Wilson's Mobius arrives at a TVA already thrown off balance by the spreading knowledge that everything its agents take as canon, namely the idea that the TVA created them, is a lie. Gugu Mbatha-Raw's Ravonna Renslayer decides she's too far inside of that lie's rabbit hole to abandon it entirely.

By the time Loki gets back to them it doesn't matter, because the TVA to which he returns isn't the one he left. Mobius doesn't know who he is because it's not the same Mobius, and the statues are not of the faceless, lizard-like beings once thought to be the Timekeepers, but of Kang.

Thus, "Loki" reminds us of its real-world purpose as a revenue generating gear in the MCU's multibillion dollar machinery. The finale sets up the series and Hiddleston's popular character at a game-changing fork in the road, a nexus event that links the next phase in the larger Avengers universe storyline and its aspirations to establish of foothold in the TV realm.

This explains why the opening hours of this six episode season devoted to his character felt much more like a regular TV series than a multipart experiment with the medium, a la " WandaVision" or a buddy-cop action flick disguised as a show, which is what "The Falcon and the Winter Soldier" tried to be.

In announcing its second season "Loki" becomes a tentpole series for the Marvel side of the Disney behemoth, likely the first of many TV spinoffs in the vein of what the company plans for the "Star Wars" universe. That it mimics any number of established shows (giving off a "Doctor Who" vibe above all) isn't merely excusable, it's intentional.

And that's probably why this season ender solidly stuck the landing where the sign-offs for "WandaVision" and "The Falcon and the Winter Soldier" faltered. Those series knew what they wanted to accomplish at their respective outsets, but could not match that overall intent with endings that were previously determined for them. But it certainly seems as if "Loki" received the benefit of additional free will, unfettered by any philosophical or metaphorical subtext to tease. Maybe it had that; whatever that was, the jury's still out.
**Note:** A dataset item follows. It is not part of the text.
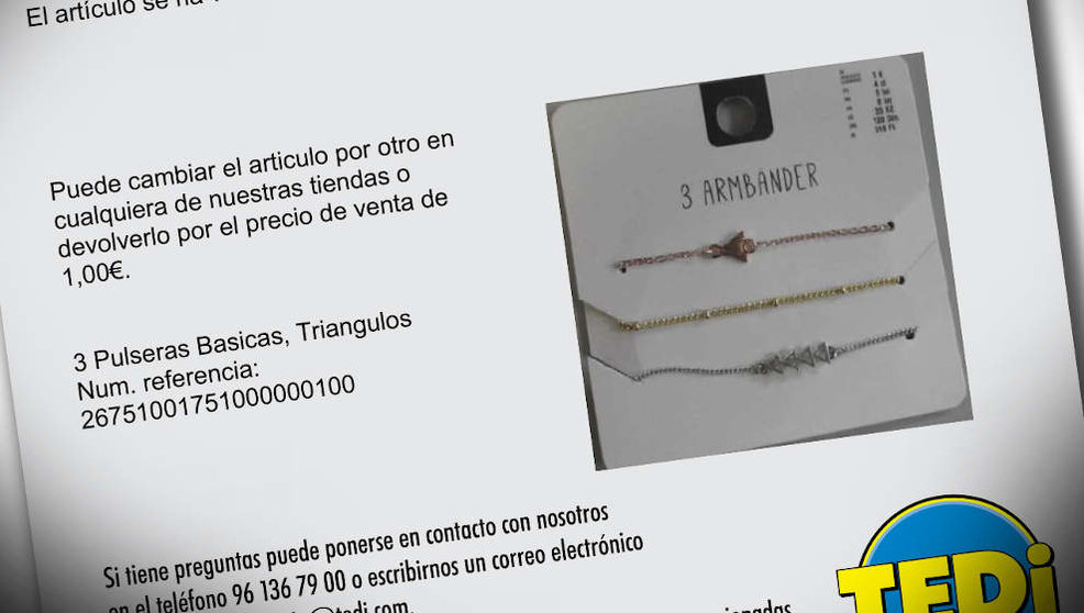 La cadena de bazares de origen alemán Tedi, con presencia en la mayor parte del territorio español, ha retirado del mercado un juego de pulseras (3 pulseras básicas, Triangulos) por mostrar altos níveles de cadmio.
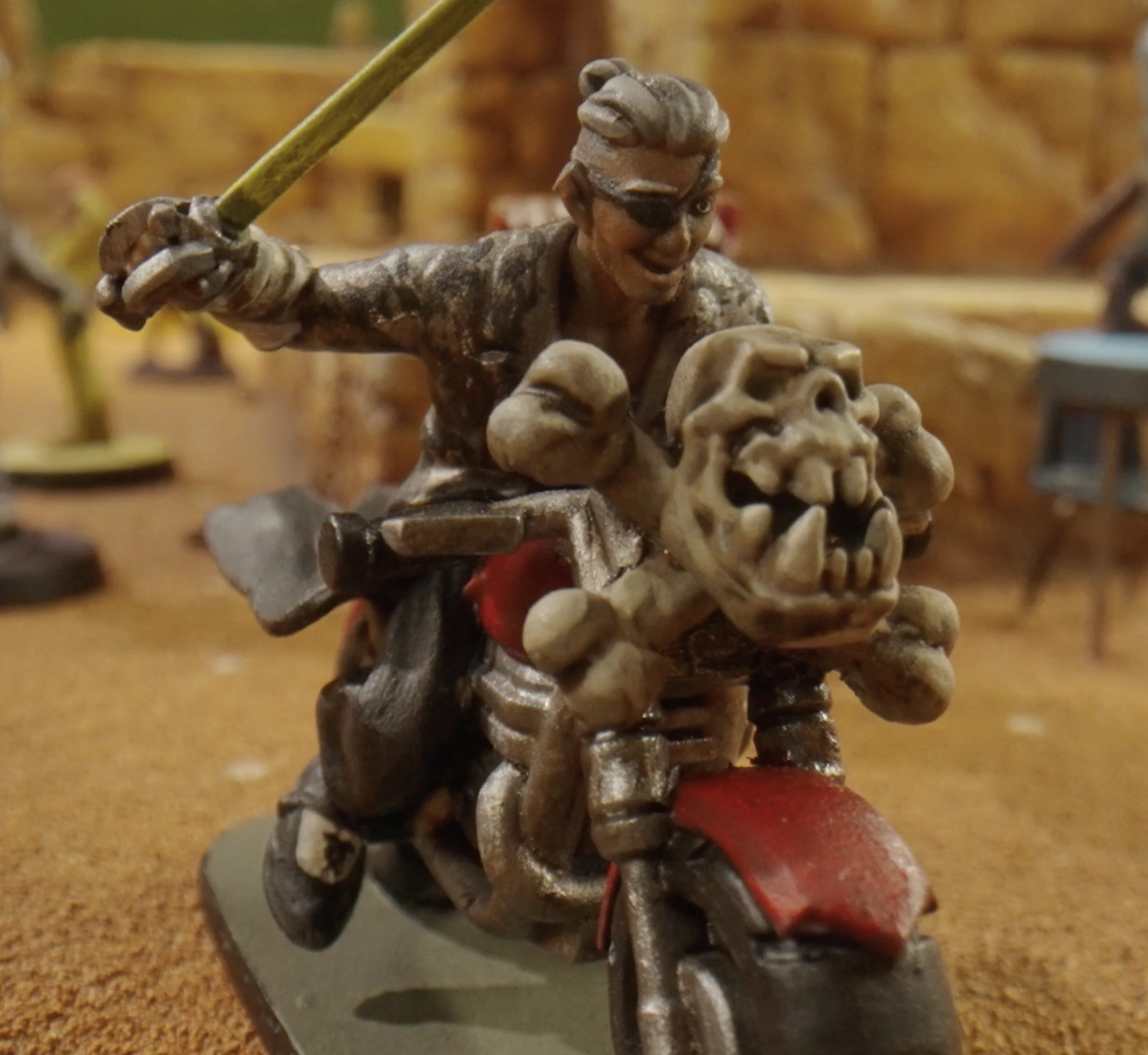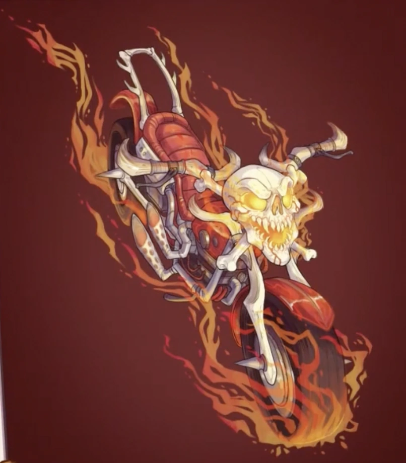 The being bound to the Hangman also gives the bike a personality. It has been completely dedicated to Fabian since the moment he bested it's previous master, Johnny Spells, in combat. It often compliments Fabian on his brilliance and prowess as a fighter, though its hopes and goals for the two of them may be more extreme and nefarious than Fabian really wants. It also acts as Fabian's unofficial "wing-man," and often tries to convince him to let pretty girls like Adaine Abernant and Fig Faeth ride with him.

But the show nailed its job of fleshing out new characters, introducing Majors with a flourish that can only be described as Biblical. (I mean, the man was munching on an apple in the face of two Lokis with blades on him.) People who haven't seen "Lovecraft Country" have no reason to wonder why this man is up for best actor Emmy – he commands every second of the scenes he's in.

Establishing the backstory of the Man with a Thousand names, and this particular variant's role in harnessing order from chaos, takes up most of the finale. For all of his monologuing though, Majors never ceases to be riveting, mainly due to his portrayal of a man who has lived for too many lifetimes, ping-ponging back and forth between craziness and sanity for millennia. To believably wrangle that level of instability into a performance you can't look away from takes a type of skill few actors have.

And Majors keeps us guessing as to his moral alignment until the second He Who Remains slumps over lifeless, leaving the typically resolute Sylvie in a state that looks a lot like doubt.

Plenty of TV shows have spun multiple seasons out of power vacuums left by absent or derelict gods; "Supernatural," "Lucifer" and "Lost" come to mind most easily. That "Loki" writes itself into this field speaks to its knowledge of the audience – we don't mind shows that replicate the premises of others as long as they do it well. "Loki" fulfills that aim while promising that Loki himself won't be held to one realm or another. Hiddleston's trickster is nimble enough to occupy multiple corners of the entertainment universe, the face of a larger behemoth making a play to take over both worlds.

Is that a good thing? Who can say . . . but we have a few movies and at least another season to figure that out.  

All episodes of "Loki" are streaming on Disney +.